Caesaris adventu ex colore vestitus cognito, turmisque equitum et cohortibus Romanis visis, hostes proelium committunt ...

Una volta scoperto l'arrivo di Cesare dal colore dell'abito, e dopo aver visto gli squadroni dei cavalieri e le coorti Romane, i nemici ingaggiano la battaglia.

Sollevatosi un grido da entrambe le parti, per la seconda volta, dal vallo e da tutte le fortificazioni, si sente lo strepito. I nostri, dopo aver abbandonato i giavellotti, combattono con le spade. Improvvisamente, alle spalle, si vede la cavalleria.

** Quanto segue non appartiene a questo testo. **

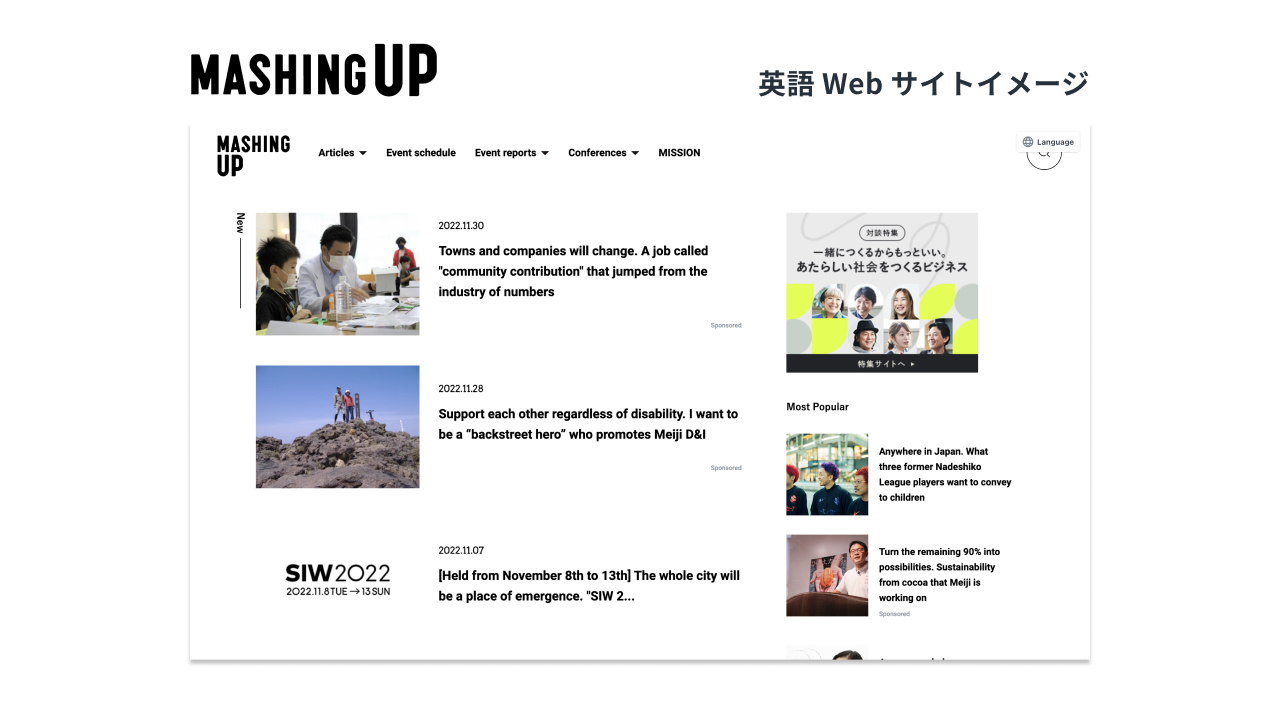 MASHING UP は、イベントやメディアを通じ、性別、業種、世代、国籍を超え多彩な人々と対話を深め、これからの社会や組織のかたち、未来のビジネスを考えるメディア&コミュニティサイトです。会員メンバー数 45,000人以上の MASHING UP では、メディアやカンファレンスなどを通じて多彩なテーマでコミュニケーションを活性化させ、新しいビジネスを創出する場を提供しています。今回、海外にも情報を発信していきたいクライアントニーズに応え、Web サイトを英語で公開いたしました。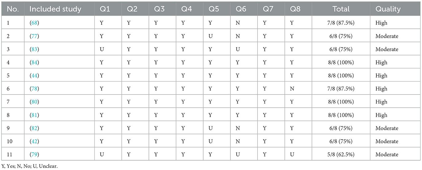 We used the JBI checklist to evaluate the risk of bias in included studies (Table 2). The risk of bias assessment comprised eight questions (58). Two reviewers independently assessed each study, with disagreements resolved through discussion. Detailed risks of bias assessments for individual studies are summarized in Table 3. The assessment revealed that all 11 included studies demonstrated high and moderate quality. The main source of bias was related to confounding factor management. Six studies failed to clearly identify potential confounders or implement appropriate statistical adjustment strategies.

Altre coorti si avvicinano: i nemici fuggono. I cavalieri assalgono coloro che fuggono. Si verifica un grande massacro.

Sedullo, uno fra i comandanti dei Galli, viene ucciso, invece Vercassivellauno è viene catturato vivo in fuga; settantaquattro insegne militari sono portate a Cesare: pochi, da un numero tanto grande, si ritirano incolumi nell'accampamento. Dopo che i nemici avevano visto dal fortilizio la strage e la fuga dei propri compagni, persa ogni speranza di salvezza, fanno rientrare le truppe dalle fortificazioni. Subito, dopo aver udito questa cosa, i Galli fuggirono dall'accampamento.

I nostri soldati, stremati per la fatica della feroce battaglia, non riuscirono ad annientare tutte le truppe dei nemici ma, alla metà della notte, la cavalleria che era stata inviata si imbatté in quelli della parte della retroguardia: un gran numero di loro viene catturato e ucciso; i restanti, dalla fuga si ritirano nelle città.